MLP_PRUNE_FRAC = 0.5       # fraction of inner neurons to prune
MAX_NEW_TOKENS = 50
PROMPT = (
    "Over the next decade, sustainable energy solutions will revolutionize "
    "global power grids, reducing carbon footprints and fostering resilient "
    "communities through innovative storage and distribution technologies."
)
PERP_TEXT = (
    "Artificial intelligence (AI) is intelligence demonstrated by machines, in contrast "
    "to the natural intelligence displayed by humans and animals.
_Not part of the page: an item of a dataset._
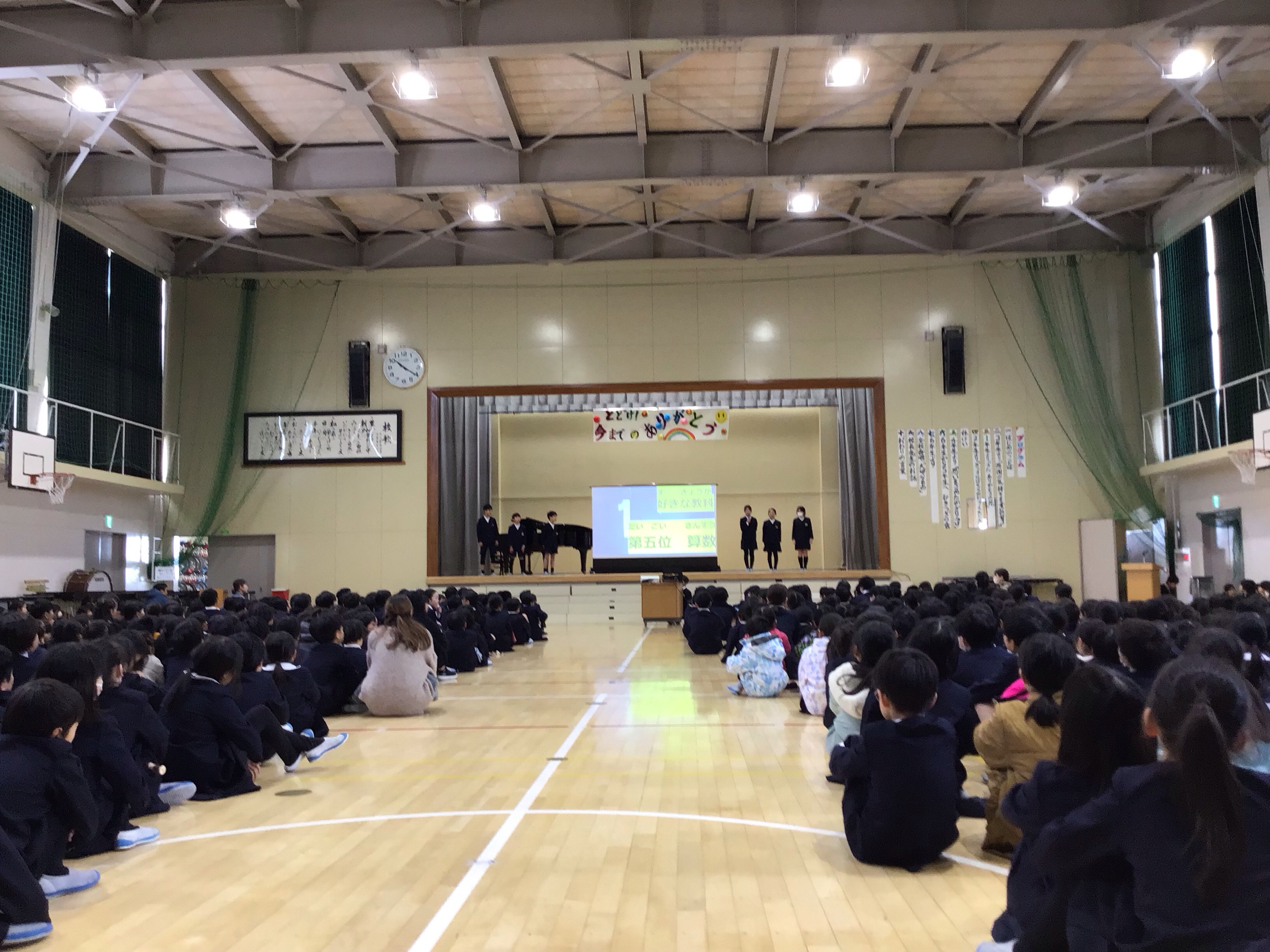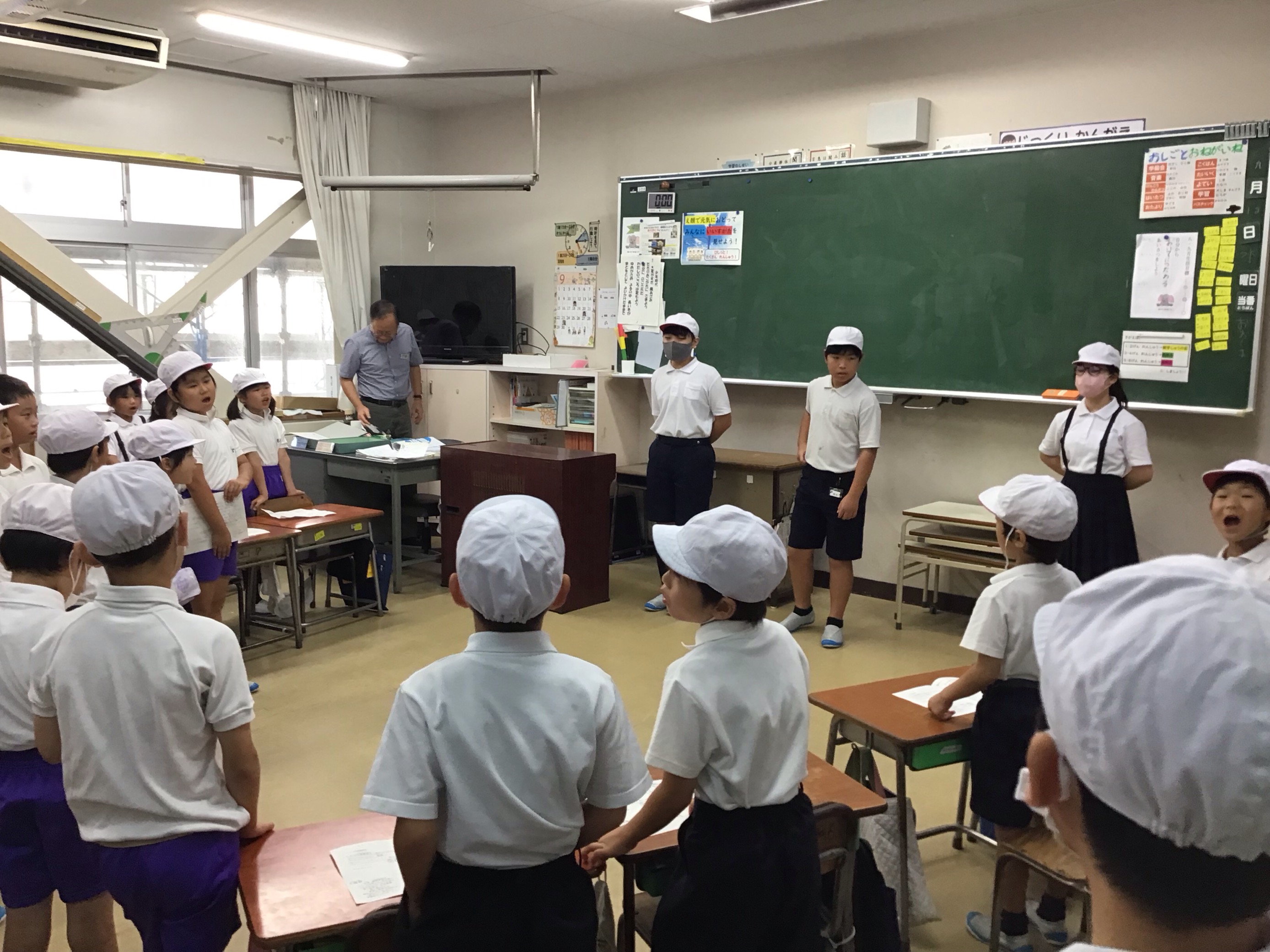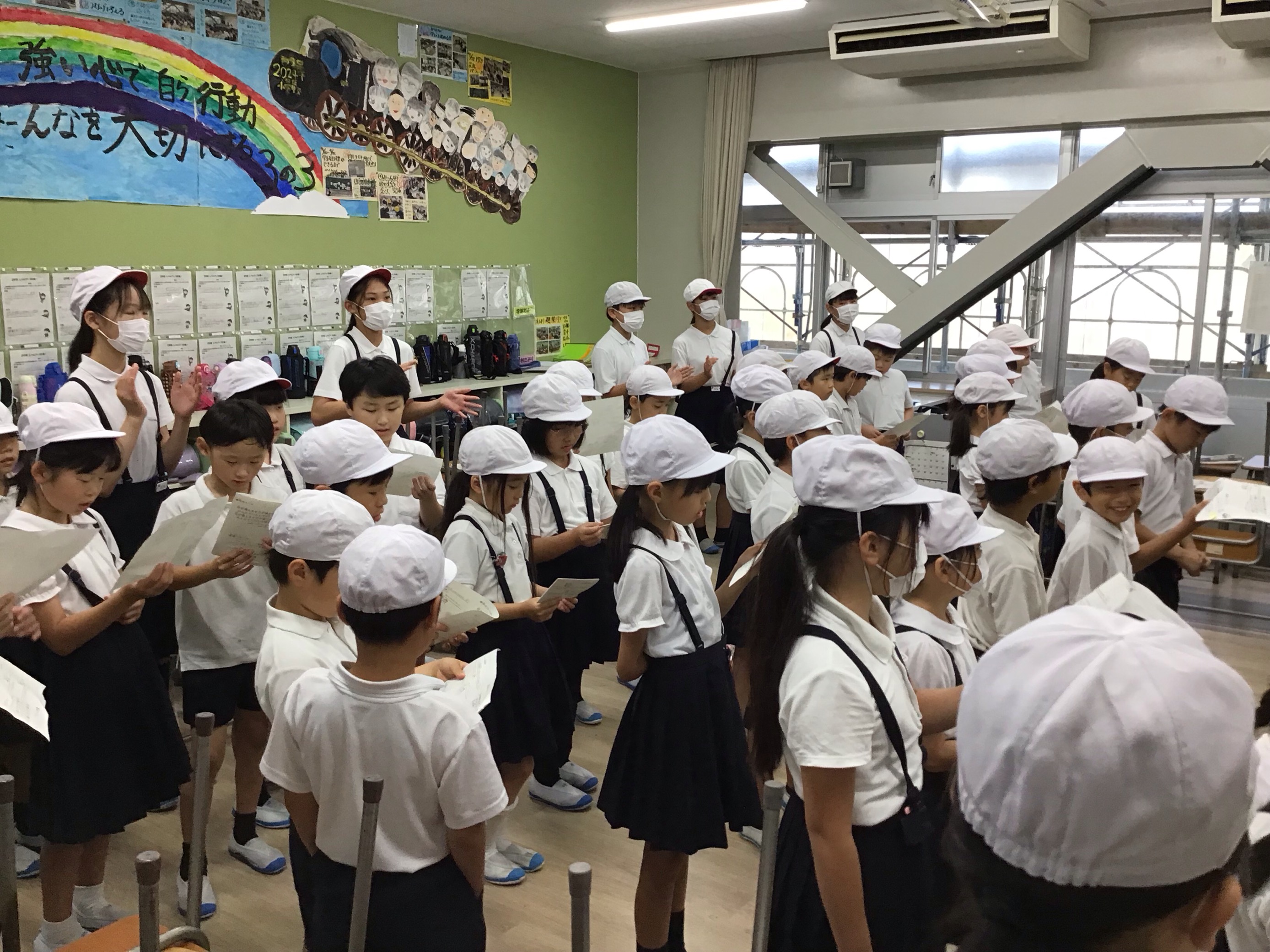児童集会では、前期代表委員への感謝と、後期代表委員へのエールが送られました。

Leading AI textbooks "
    "define the field as the study of intelligent agents: any system that perceives "
    "its environment and takes actions that maximize its chance of achieving its goals."
)


# Load Model and Tokenizer
This function:
- Loads the tokenizer and model using Hugging Face Transformers.
- Configures the model to use FP16 precision for faster inference.
- Moves the model to the specified device (CPU or GPU).
- Sets the model to evaluation mode to disable gradient computations.

In [3]:
def load_model_and_tokenizer(model_name: str, device: torch.device):
    """
    TODO:
      - Load AutoTokenizer.from_pretrained(model_name, use_fast=True)
      - Load AutoModelForCausalLM.from_pretrained(model_name, torch_dtype=torch.float16)
      - Move model to `device` and set to .eval()
      - Return tokenizer, model
    """
    tokenizer = AutoTokenizer.from_pretrained(model_name, use_fast=True)
    # load model in FP16 for faster inference
    model = AutoModelForCausalLM.from_pretrained(
        model_name,
        torch_dtype=torch.float16
    )
    # move to device and set to eval
    model = model.to(device)
    model.eval()
    return tokenizer, model

# Measure Baseline Performance
This function:
- Measures the baseline performance of the model before pruning.
- Evaluates:
  - **Latency**: Time taken to generate tokens for a given prompt.
  - **Throughput**: Tokens generated per second.
  - **Peak GPU Memory Usage**: Maximum memory used during inference.
  - **Perplexity**: A measure of how well the model predicts the given text.
- Prints the baseline metrics for comparison with the pruned model.

In [None]:
def measure_latency_and_throughput(model, tokenizer, prompt: str, device: torch.device, max_new_tokens=50, runs=3):
    """
    Measure latency and throughput for text generation.

    Args:
        model: The language model to evaluate.
        tokenizer: The tokenizer associated with the model.
        prompt (str): Input prompt for text generation.
        device (torch.device): Device to run the model on.
        max_new_tokens (int): Maximum number of new tokens to generate.
        runs (int): Number of runs for averaging metrics.

    Returns:
        tuple: Average latency (seconds) and throughput (tokens per second).
    """
    model.eval()
    inputs = tokenizer(prompt, return_tensors="pt", padding=True, truncation=True).to(device)

    # Warmup
    with torch.inference_mode():
        _ = model.generate(**inputs, max_new_tokens=8)

    latencies = []
    throughputs = []
    for _ in range(runs):
        if device.type == "cuda":
            torch.cuda.synchronize()
        t0 = time.perf_counter()
        with torch.inference_mode():
            outputs = model.generate(**inputs, max_new_tokens=max_new_tokens)
        if device.type == "cuda":
            torch.cuda.synchronize()
        t1 = time.perf_counter()

        gen_len = outputs.shape[1] - inputs["input_ids"].shape[1]
        latency = t1 - t0
        throughput = gen_len / latency if latency > 0 else float("nan")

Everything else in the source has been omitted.